In this step, I will look at the data to see if we can do any feature engineering. And then I will edit the data for the model, train multiple models, evaluate the best model and then test the model. Let’s get started.

Part 4 of 4

Steps for Creating the Model

  1. Song Summary
  2. Visualizations
  3. Prepare the Lyrics for Analysis
  4. Model Building

Step 1 – Song Summary

Data wrangling was completed in step 3, Preparing the Data.

The overall procedure was extracting the lyrics for six artists from the website including artist name, album name, year the album was released. Using the website I extracted what was the peek rank and date of the peek rank for the song on the Billboard Hot 100 chart. The Billboard Hot 100 will be used as metric to determine the relative success of the song. While no metric can encapsulate how successful a song that all listeners would agree too, the chart is recognized by the music industry as reliable proxy.

Load Library Files

Load the necessary R library files.

Sample Record

Look at sample record in the data frame

Below we can see what one record from the data frame looks like.

Data Dictionary

  1. album_name: Name of the album
  2. album_year: Year the album was released
  3. song_title: Name of the song
  4. artist: Artist who created the song
  5. peek_rank: Highest rank the song received on the Billboard Hot 100 chart
  6. peek_date: the date the song achieved the peek_rank
  7. lyrics: the song lyrics
  8. album_decade: decade album was released
  9. charted: did the album chart
  10. NumberOne: was it a number one song
  11. chart_group: was it a top ten, 11-100, or not-charted

Step 2 – Visualizations

Charted Songs by Artist

In our data sample there are 899 songs, by 6 artists with 83 top 10 songs, 22 being number one songs, and 230 other songs that were in the top 100.
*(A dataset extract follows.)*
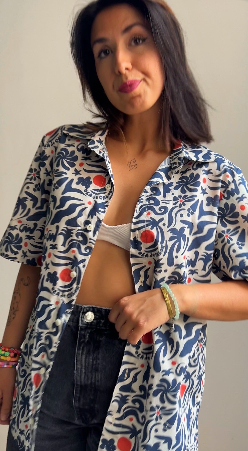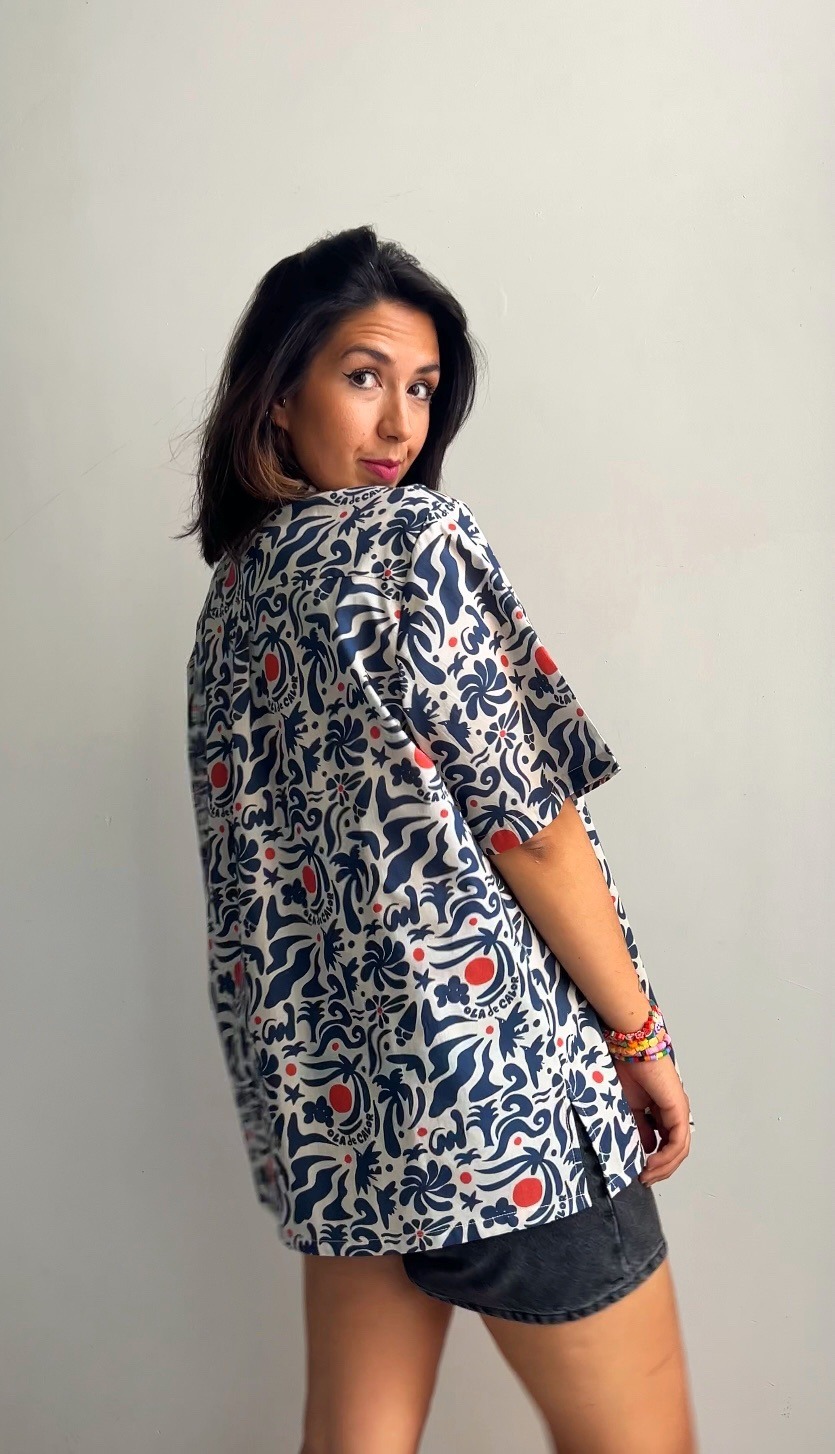 Su corte holgado y unisex la convierte en una prenda versátil y cómoda, perfecta para combinar con jeans, faldas o pantalones cortos. Es ideal para cualquier ocasión, ya sea un festival de música, una tarde de terraceo o simplemente para darle un toque de color a tus días. La camisa Ola de Calor es la prueba de que la moda puede ser atrevida, divertida y auténtica, sin perder la comodidad.

Songs by Artist and Chart Group

Number 1 Songs by Artist

Lyric Details

Step 3 – Prepare the lyrics for analysis

In preparing the lyrics for analysis need to do the following.

  1. Remove any unique words, words in the source document that weren’t meant to be part of the lyrics
  2. Ensure everything is in lower case
  3. Remove any numbers or punctuation that was in the lyrics. The main reason is to remove apostrophes from contraction words, however it will also remove any commas or periods from the text.
  4. Remove stop words from the lyrics
  5. Strip any white space around the words.
  6. Lastly remove any word that isn’t at least three characters in length.

Stop words are common words that we will remove before the text analysis. There is no common universal list of stop words, and it is subjective as to which stop words to remain and remove. In addition to the list of stop words listed in the snowball R package I have included some other words I wanted to remove because I don’t think they add value to the analysis.

Word Frequency

One of the features of songs we want to explore is, does the number of words in a song impact it’s performance? I will look at the total number of words in the songs to help determine.

Compare the chart groups side by side

Most Common Words Used in Lyrics


Step 4 Model Building

Take a quick look at the summarized view of the artists, number of songs and how many top 10 and top 100 songs the artist had

Now look at wow many unique words are in each chart group. The word needs to be used in at least three songs.

Selecting by word_percent

I am going to removed words that are in more than one group.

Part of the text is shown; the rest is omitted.